Multiplayer in browsers websocket

a host on web-TV plus phone-controllers in separate contexts in one room

no mocks; in the product we change only the markup identifiers

Coverage map 1032 scenarios / 15 domains

the single source of truth for scenarios and the work plan

one reference for behavior →

map of the system bug ledger tests on two stands

PORT TO PYTHON parity down to side effects

a uv monorepo · FastAPI + Pydantic v2 · async SQLAlchemy

schema changes made safe to re-run so they coexist with what legacy keeps writing into the same database

contracts are the single source of message shape

snake_case in code, camelCase on the wire; frontend types are derived from them

layers per service plus rules for the agent

fail when a setting is missing instead of silent defaults, no over-engineering "for the future"

ROLLOUT one endpoint at a time

nginx rules route the rewritten addresses to the new container, everything else to the old PHP

rollback — remove the route line in the config, no "big bang"

authorization runs on a working contour beside the live system · game server: skeleton and routing in Python (~a fifth) · 1032 scenarios, a small part automated
Python · FastAPI · Pydantic v2 · SQLAlchemy async · uv monorepo · archaeologist sub-agent · bug ledger · coverage map
the agent scaffolding stays with the developers and is not part of the client's product

What changes and where we are now

The main goal of the project is to cover the whole system with a development harness: the scaffolding through which any task on it can be driven by an agent with minimal human involvement. The rewrite to Python is secondary.
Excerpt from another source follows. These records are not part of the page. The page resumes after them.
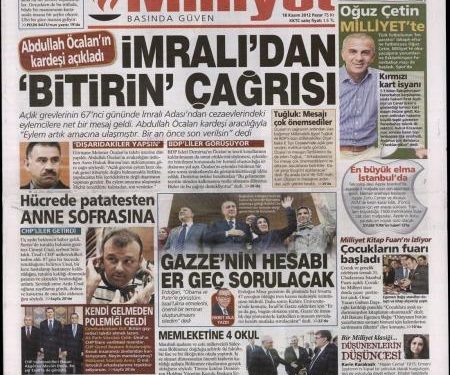 «Kάλεσμα από το Ιμραλι για τέλος» είναι ο τίτλος της Milliyet. H τουρκική εφημερίδα αναφέρει πως ο Αμντουλάχ Οτζαλάν μέσω του αδελφού του έστειλε μήνυμα στους απεργούς πείνας για να σταματήσουν τη δράση του άμεσα. Σύμφωνα με την τουρκική εφημερίδα το κάλεσμα του Κόμματος Ειρήνης και Δημοκρατίας για βελτίωση των συνθηκών κράτησης του Οτζαλάν « δείχνει πως ενδέχεται να έχει βρεθεί κάποια φόρμουλα στο ζήτημα αυτό»
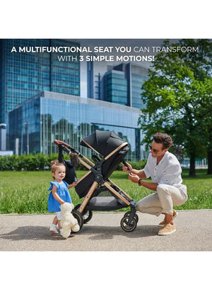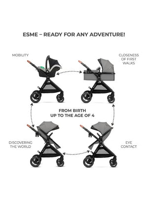 Take your daily strolls in style with the Kinderkraft ESME — a multifunctional 3-in-1 pushchair combining elegance, functionality, and comfort. The spacious carrycot with ventilation can easily convert into a stroller in just three simple steps, saving you time and space. Perfect for everyday walks or longer holiday trips, ESME’s lightweight frame, large puncture-resistant wheels, and included MINK PRO i-Size car seat and adapters make your adventures hassle-free. The set includes a rain cover, leg warmer, cup holder, and a smart parent bag — all included at no extra cost. From smooth pavements to forest paths, ESME is your reliable partner for strolls with your little one.
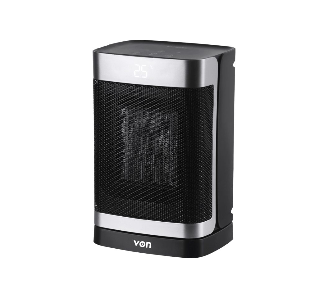 VHC153DYAK VON CERAMIC HEATER PORTABLE HEATER 2 HEATER SETTINGS WIDE SPREAD OSCILLATION OVER HEAT PROTECTION RAPID HEATING TOUCH CONTROL DIGITAL DISPLAY ADJUSTABLE THERMOSTAT TOWER DESIGN BLACK
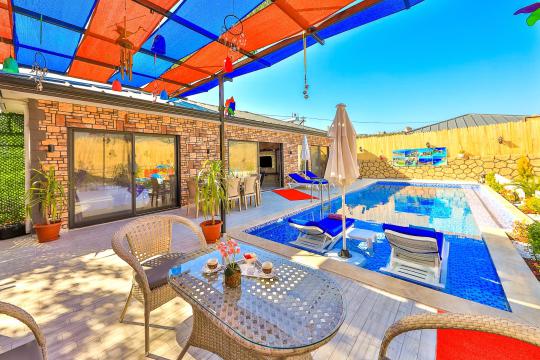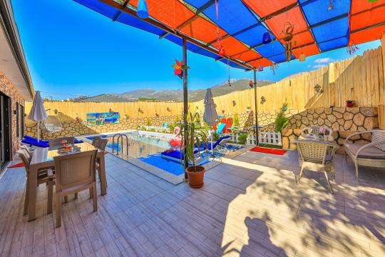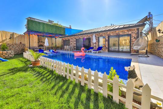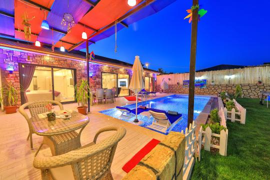Villa Canısı, Kalkan-Çavdır bölgesinde doğa ile iç içe konumlanmış olup ailenizle ve arkadaşlarınızla geçireceğiniz keyifli bir tatil olanağı sunmaktadır. 5 kişilik kapasitesiyle aileniz ya da arkadaş grubunuz için ideal olan villamız, 2 yatak odası ve 2 modern banyosuyla rahatlık sunmaktadır. Villamızın siz değerli misafirlerimize sunduğu yemyeşil geniş bahçesi ve çocuklarınız için özel olarak tasarlanmış oyun alanıyla aileler için büyük bir avantaj sağlamaktadır. Korunaklı ve gözlerden uzak olması sayesinde sizlere güvenli ve konforlu bir tatil sunmaktadır. Doğa manzaralı muhafazakar villamızın içersinde sizler için tasarlanmış olan bir adet sauna ve jakuzi bulunmaktadır.
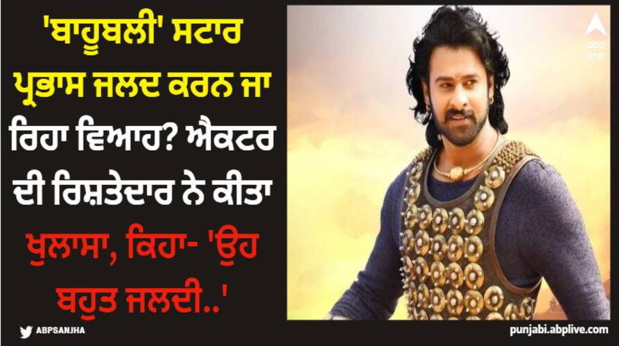 Prabhas Wedding: ਤੇਲਗੂ ਸੁਪਰਸਟਾਰ ਪ੍ਰਭਾਸ ਇਨ੍ਹੀਂ ਦਿਨੀਂ ਸੁਰਖੀਆਂ 'ਚ ਹਨ। ਉਨ੍ਹਾਂ ਦੀ ਫਿਲਮ ਸਲਾਰ ਜਲਦ ਹੀ ਸਿਨੇਮਾਘਰਾਂ 'ਚ ਰਿਲੀਜ਼ ਹੋਣ ਜਾ ਰਹੀ ਹੈ। ਪ੍ਰਸ਼ੰਸਕ ਇਸ ਫਿਲਮ ਦਾ ਬੇਸਬਰੀ ਨਾਲ ਇੰਤਜ਼ਾਰ ਕਰ ਰਹੇ ਹਨ। ਪ੍ਰਭਾਸ ਆਪਣੀ ਪ੍ਰੋਫੈਸ਼ਨਲ ਲਾਈਫ ਦੇ ਨਾਲ-ਨਾਲ ਨਿੱਜੀ ਜ਼ਿੰਦਗੀ ਨੂੰ ਲੈ ਕੇ ਸੁਰਖੀਆਂ 'ਚ ਬਣੇ ਰਹਿੰਦੇ ਹਨ। ਪ੍ਰਭਾਸ ਦਾ ਨਾਂ ਅਨੁਸ਼ਕਾ ਸ਼ੈੱਟੀ ਨਾਲ ਜੋੜਿਆ ਗਿਆ ਹੈ। ਹਾਲ ਹੀ 'ਚ ਆਦਿਪੁਰਸ਼ ਦੌਰਾਨ ਪ੍ਰਭਾਸ ਦਾ ਨਾਂ ਕ੍ਰਿਤੀ ਸੈਨਨ ਨਾਲ ਵੀ ਜੁੜਿਆ ਸੀ। ਪ੍ਰਭਾਸ ਦੇ ਵਿਆਹ ਦਾ ਫੈਨਜ਼ ਬੇਸਬਰੀ ਨਾਲ ਇੰਤਜ਼ਾਰ ਕਰ ਰਹੇ ਹਨ ਅਤੇ ਉਨ੍ਹਾਂ ਦੇ ਵਿਆਹ ਨੂੰ ਲੈ ਕੇ ਵੱਡਾ ਅਪਡੇਟ ਸਾਹਮਣੇ ਆਇਆ ਹੈ।
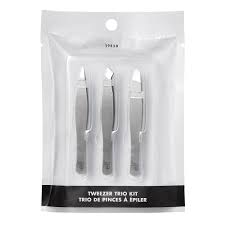 Kit includes a flat top tweezer for removing thicker hair, angled tip tweezer for shaping brows, and pointed tip tweezers for fine and ingrown hair
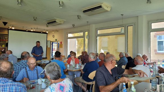 Seniorenleiter Huber begrüßte den Vertreter der Stiftungsfamilie BSW Uwe Seiser. Aufmerksam verfolgten die Teilnehmer die Leistungen der Stiftungsfamilie. In allen sozialen Belangen ist diese ein wertvoller Ansprechpartner. Auch einige kritische Nachfragen konnten zufriedenstellend gelöst werden. Die weitere Tagesordnung hat der Kollege Huber übernommen. Besonders der Stellenabbau bei der Bahn sorgte für Betroffenheit. Wie soll denn die Verkehrswende vollzogen werden wenn bei der Bahn das Angebot in vielen Bereichen zusammengestrichen wird? Immerhin ist das Verkehrsmittel Bahn die umwelfreundlichste Lösung für Massenverkehre. Gut ist, dass die EVG dies so nicht hinnehmen wird. Das weitere Jahresprogramm und der erste Entwurf des Programms für 2025 ist angekündigt worden. Dieses wird der Imtakt Ausgabe Dezember beigelegt für alle Mitglieder des OV Offenburg. Unter Verschiedenes kamen die drängenden Themen der KVB zur Sprache. Heftige Kritikt bekam die ungenügende Bezuschussung von Leistungen in der Physiotherapie und der neue Zuschuss zur Wahlleistung Unterkunft. Die Fragen zu allen Themen konnten behandelt werden.
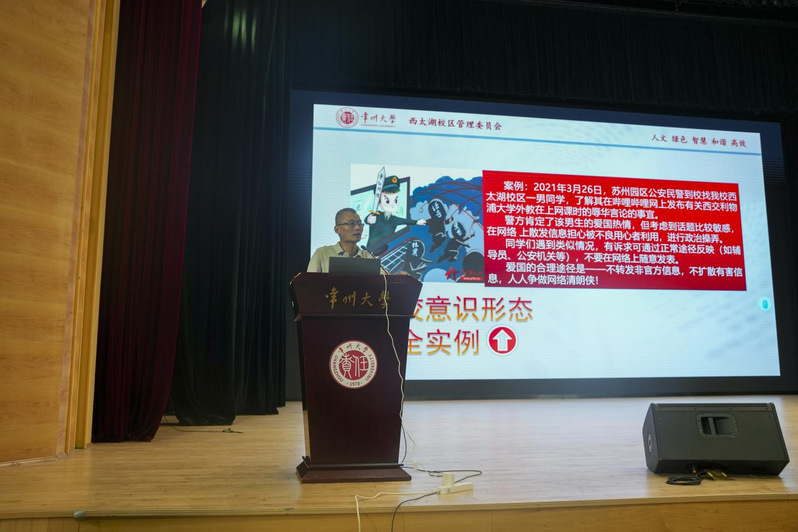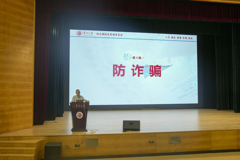 为落实新生入学安全教育要求,提升新生防范电信网络诈骗的能力,10月13日晚,日本成人视频 于西太湖校区立艺楼大礼堂举办2025级新生反诈宣传讲座。西太湖校区管委会邹峰老师主讲,全体新生参与。

As much gets rewritten as we manage, while the harness has to cover everything, including the parts we won’t touch.

So the result of this first part is measured not in lines of rewritten code. Work that used to require a whole team is now carried by a couple of people with agents, and the legacy stays whole in production the whole time.

Piece of the system	State
Legacy map, bug ledger, agent harness	Done
Authorization — 10 endpoints	Rewritten, running on a working contour
Game server	In progress, about a fifth
Coverage map — 1032 scenarios / 15 domains	Being automated, a small part so far
The rest of the clients, observability	Next on the plan

The deal itself is structured honestly for unfinished work: the timeline and the harness coverage of the system are fixed, while the depth of the rewrite stays variable — as deep as we manage, starting with the heaviest pieces of legacy. The order is the same everywhere: a test first, then a line of new code.